Report Limitations and Mitigations
Recommendations
When using large language models (LLMs) in empirical studies for software engineering, researchers face unique challenges and potential limitations that can influence the validity, reliability, and reproducibility [1] of their findings including:
Reproducibility: A cornerstone of open science is the ability to reproduce research results. Even though the inherent non-deterministic nature of LLMs is a strength in many use cases, its impact on reproducibility is a challenge. To enable reproducibility, researchers
-
MUST disclose a replication package for their study and
-
SHOULD perform multiple evaluation iterations of their experiments (see Report Suitable Baselines, Benchmarks, and Metrics) to account for non-deterministic outputs of LLMs or
-
MAY disable non-determinism by setting the temperature to 0 and stating a seed value if the research allows for it
Besides non-determinism, the behavior of an LLM depends on many external factors, such as model version, API updates, or prompt variations. To ensure reproducibility, researchers
-
SHOULD follow the best practices described in Report Model Version and Configuration and
-
SHOULD follow the best practices described in Report Tool Architecture and Supplemental Data and
-
SHOULD follow the best practices described in Report Prompts and their Development and
-
SHOULD follow the best practices described in Report Interaction Logs and
-
SHOULD follow the best practices described in Report Suitable Baselines, Benchmarks, and Metrics and
-
SHOULD address generalization challenges (see below) to ensure reproducibility over time
Generalization: Even though the topic of generalizability is not new, it has gained new relevance with the increasing interest in LLMs. In LLM studies generalizability boils down to two main concerns: First, are the results specific to an LLM, or can they be achieved with other LLMs too?
-
If generalizability to other LLMs is not in the scope of the research, this MUST be clearly explained or
-
If generalizability is in scope, researchers MUST compare their results or subsets of the results (if not possible e.g., due to computational cost) with other LLMs to assess the generalizability of their findings.
Second, will these results still be valid in the future? Multiple studies ( [2], [3]) found, that the performance of proprietary LLMs (like GPT) within the same version (e.g. GPT 4) decreased over time. Reporting the model version and configuration is not sufficient in such cases. To date, the only way of mitigating this limitation is the usage of an Open LLM with a transparently communicated versioning and archiving (see Use an Open LLM as a Baseline).
-
Hence researchers SHOULD employ open LLMs to set a reproducible baseline (see Use an Open LLM as a Baseline).
-
If this is not possible, researchers SHOULD test and report their results over an extended period of time as a proxy of the results’ relevance over time.

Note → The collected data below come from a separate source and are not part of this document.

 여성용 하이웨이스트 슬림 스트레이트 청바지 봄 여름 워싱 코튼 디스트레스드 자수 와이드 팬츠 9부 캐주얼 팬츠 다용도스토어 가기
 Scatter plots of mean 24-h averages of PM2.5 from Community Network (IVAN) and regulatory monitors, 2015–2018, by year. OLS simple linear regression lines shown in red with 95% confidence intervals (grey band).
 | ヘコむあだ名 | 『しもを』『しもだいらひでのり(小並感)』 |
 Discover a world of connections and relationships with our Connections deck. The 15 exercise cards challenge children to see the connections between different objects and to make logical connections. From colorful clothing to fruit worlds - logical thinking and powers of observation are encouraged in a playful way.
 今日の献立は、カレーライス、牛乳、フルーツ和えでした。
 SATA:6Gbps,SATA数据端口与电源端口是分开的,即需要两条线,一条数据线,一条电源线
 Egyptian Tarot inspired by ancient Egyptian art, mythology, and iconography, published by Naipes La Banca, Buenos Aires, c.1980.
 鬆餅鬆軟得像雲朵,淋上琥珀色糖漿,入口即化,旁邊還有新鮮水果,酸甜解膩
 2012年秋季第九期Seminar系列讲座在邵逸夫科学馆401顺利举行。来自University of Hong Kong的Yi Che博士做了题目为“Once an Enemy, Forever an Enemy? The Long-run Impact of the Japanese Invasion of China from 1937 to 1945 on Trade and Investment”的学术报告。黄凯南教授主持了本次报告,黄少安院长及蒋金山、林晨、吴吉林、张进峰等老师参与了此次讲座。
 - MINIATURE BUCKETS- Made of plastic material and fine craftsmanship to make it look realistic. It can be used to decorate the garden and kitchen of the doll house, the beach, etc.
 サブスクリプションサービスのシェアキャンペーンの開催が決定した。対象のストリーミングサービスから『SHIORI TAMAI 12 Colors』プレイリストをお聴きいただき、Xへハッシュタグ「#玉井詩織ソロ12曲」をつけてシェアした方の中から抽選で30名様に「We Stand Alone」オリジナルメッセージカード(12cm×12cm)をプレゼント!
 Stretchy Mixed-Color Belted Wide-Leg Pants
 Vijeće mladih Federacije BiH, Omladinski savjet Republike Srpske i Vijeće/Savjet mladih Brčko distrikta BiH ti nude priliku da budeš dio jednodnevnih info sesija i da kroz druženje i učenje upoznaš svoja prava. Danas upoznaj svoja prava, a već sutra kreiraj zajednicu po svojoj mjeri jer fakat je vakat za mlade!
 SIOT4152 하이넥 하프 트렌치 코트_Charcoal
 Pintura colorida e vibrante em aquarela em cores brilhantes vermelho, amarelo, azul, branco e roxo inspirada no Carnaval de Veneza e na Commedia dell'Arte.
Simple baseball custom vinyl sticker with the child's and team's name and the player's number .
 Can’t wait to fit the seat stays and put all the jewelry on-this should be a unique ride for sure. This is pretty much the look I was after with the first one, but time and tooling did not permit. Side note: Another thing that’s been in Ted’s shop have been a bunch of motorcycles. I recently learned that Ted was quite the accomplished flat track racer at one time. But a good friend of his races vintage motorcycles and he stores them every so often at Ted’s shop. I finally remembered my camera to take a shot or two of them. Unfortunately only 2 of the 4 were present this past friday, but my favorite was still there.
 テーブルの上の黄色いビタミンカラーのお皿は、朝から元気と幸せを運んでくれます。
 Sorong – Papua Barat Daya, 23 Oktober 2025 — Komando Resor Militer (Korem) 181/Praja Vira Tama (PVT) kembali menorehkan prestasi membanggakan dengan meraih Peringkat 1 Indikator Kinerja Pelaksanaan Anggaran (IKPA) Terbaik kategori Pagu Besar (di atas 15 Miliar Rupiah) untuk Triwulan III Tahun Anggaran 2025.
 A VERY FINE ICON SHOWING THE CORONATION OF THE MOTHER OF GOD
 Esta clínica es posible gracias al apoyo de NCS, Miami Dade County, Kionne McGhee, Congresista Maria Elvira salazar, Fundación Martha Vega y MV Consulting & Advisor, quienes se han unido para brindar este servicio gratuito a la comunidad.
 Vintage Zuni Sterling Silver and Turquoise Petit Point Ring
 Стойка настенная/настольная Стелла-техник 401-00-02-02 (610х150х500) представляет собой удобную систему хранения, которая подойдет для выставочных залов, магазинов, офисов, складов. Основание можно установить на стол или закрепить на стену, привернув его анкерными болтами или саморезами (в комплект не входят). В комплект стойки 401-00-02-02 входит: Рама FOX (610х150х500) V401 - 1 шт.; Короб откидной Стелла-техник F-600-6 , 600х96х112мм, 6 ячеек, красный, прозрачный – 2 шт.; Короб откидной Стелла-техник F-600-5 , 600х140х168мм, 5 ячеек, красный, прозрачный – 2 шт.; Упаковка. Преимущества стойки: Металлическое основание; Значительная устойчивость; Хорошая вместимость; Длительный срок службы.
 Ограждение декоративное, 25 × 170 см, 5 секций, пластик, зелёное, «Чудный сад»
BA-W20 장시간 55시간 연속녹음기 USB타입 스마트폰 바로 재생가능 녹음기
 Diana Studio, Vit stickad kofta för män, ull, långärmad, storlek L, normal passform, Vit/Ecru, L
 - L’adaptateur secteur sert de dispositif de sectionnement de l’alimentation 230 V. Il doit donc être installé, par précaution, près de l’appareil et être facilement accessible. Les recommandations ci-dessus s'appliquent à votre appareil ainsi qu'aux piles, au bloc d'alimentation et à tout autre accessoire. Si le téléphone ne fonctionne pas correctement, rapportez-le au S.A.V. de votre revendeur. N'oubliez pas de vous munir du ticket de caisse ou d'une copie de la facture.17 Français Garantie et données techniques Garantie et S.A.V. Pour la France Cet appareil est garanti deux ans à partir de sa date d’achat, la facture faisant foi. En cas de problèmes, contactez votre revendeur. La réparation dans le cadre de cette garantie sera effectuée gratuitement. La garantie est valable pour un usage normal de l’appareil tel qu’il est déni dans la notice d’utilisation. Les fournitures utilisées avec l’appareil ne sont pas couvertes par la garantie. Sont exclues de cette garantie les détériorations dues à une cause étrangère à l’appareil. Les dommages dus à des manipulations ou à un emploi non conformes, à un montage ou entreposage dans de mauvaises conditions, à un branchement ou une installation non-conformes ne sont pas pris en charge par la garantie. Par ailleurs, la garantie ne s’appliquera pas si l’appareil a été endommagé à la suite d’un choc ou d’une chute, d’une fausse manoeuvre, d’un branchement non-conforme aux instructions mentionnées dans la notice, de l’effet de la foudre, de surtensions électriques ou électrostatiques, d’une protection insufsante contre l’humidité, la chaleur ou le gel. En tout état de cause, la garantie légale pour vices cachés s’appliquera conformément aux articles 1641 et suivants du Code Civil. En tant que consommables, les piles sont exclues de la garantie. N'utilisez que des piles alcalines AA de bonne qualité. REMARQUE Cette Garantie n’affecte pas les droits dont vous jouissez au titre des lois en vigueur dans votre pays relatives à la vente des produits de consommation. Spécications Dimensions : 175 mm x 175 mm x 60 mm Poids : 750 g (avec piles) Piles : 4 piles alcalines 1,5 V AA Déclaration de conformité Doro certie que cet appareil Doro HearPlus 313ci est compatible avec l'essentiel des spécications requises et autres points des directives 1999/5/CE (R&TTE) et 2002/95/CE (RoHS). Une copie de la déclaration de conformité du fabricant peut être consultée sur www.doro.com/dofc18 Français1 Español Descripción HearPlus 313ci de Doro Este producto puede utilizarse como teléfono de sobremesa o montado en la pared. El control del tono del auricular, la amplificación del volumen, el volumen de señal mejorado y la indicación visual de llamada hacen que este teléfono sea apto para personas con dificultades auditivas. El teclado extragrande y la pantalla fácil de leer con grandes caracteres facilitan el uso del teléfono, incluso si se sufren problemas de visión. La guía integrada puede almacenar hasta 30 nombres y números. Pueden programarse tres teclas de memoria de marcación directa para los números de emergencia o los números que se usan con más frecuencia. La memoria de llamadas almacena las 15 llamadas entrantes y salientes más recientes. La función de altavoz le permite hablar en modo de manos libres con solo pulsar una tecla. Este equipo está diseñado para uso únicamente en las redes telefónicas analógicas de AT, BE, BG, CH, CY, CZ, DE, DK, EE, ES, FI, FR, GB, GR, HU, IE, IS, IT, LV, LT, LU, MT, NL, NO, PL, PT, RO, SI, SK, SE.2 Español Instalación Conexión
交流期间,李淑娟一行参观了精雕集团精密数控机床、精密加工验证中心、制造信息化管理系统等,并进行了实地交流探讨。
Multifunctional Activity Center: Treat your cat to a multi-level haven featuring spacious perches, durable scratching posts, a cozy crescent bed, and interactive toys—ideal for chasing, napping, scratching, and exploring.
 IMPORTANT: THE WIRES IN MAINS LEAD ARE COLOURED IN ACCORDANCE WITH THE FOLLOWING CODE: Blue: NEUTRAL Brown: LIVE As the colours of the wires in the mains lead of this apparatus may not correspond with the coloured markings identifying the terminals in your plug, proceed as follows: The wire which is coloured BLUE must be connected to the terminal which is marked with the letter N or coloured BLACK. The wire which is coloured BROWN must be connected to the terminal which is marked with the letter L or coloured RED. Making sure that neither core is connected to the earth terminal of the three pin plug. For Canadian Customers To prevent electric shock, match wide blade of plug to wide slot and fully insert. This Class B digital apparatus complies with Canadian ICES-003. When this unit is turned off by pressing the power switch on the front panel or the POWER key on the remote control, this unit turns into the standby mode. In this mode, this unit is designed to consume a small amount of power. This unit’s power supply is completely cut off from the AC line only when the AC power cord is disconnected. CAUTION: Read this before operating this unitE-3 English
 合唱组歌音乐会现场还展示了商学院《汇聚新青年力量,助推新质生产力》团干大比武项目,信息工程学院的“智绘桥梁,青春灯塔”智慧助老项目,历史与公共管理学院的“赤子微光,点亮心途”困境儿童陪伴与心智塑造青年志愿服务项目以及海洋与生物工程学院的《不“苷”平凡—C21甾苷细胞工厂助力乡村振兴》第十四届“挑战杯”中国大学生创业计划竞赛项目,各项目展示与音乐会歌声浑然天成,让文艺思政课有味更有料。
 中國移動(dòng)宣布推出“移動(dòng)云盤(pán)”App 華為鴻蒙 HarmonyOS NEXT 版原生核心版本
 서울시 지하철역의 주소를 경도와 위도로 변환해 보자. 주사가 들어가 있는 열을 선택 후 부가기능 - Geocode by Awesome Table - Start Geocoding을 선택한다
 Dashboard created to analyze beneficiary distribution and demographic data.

Data Leakage: Data leakage/contamination/overfitting occurs when information from outside the training dataset influences the model, leading to overly optimistic performance estimates. With the growing reliance on big datasets, the risks of inter-dataset duplication increases (e.g., [4], [5]). In the context of LLMs for software engineering, this can for example manifest as samples from the pre-train dataset appearing in the fine-tune or evaluation dataset, potentially compromising the validity of evaluation results [6].
-
Hence, to ensure the validity of the evaluation results, researchers SHOULD carefully curate the fine-tuning and evaluation datasets to prevent inter-dataset duplication.
-
If information about the pre-train dataset of the employed LLM is available, researchers SHOULD assess the inter-dataset duplication and MUST discuss the potential data leakage.
-
In addition, researchers MUST NOT leak their fine-tune or evaluation datasets into the improvement process of the LLM (e.g., OpenAI’s functionality called “Improve the model for everyone“), as this potentially impacts further evaluation rounds (e.g., think about pass@k), and exacerbates the issue of reproducibility.
-
If training a LLM from scratch, researchers MAY consider using open datasets (such as Together AI’s RedPajama [7]) that already incorporate duplication (with the positive side-effect of potentially improving performance [8]).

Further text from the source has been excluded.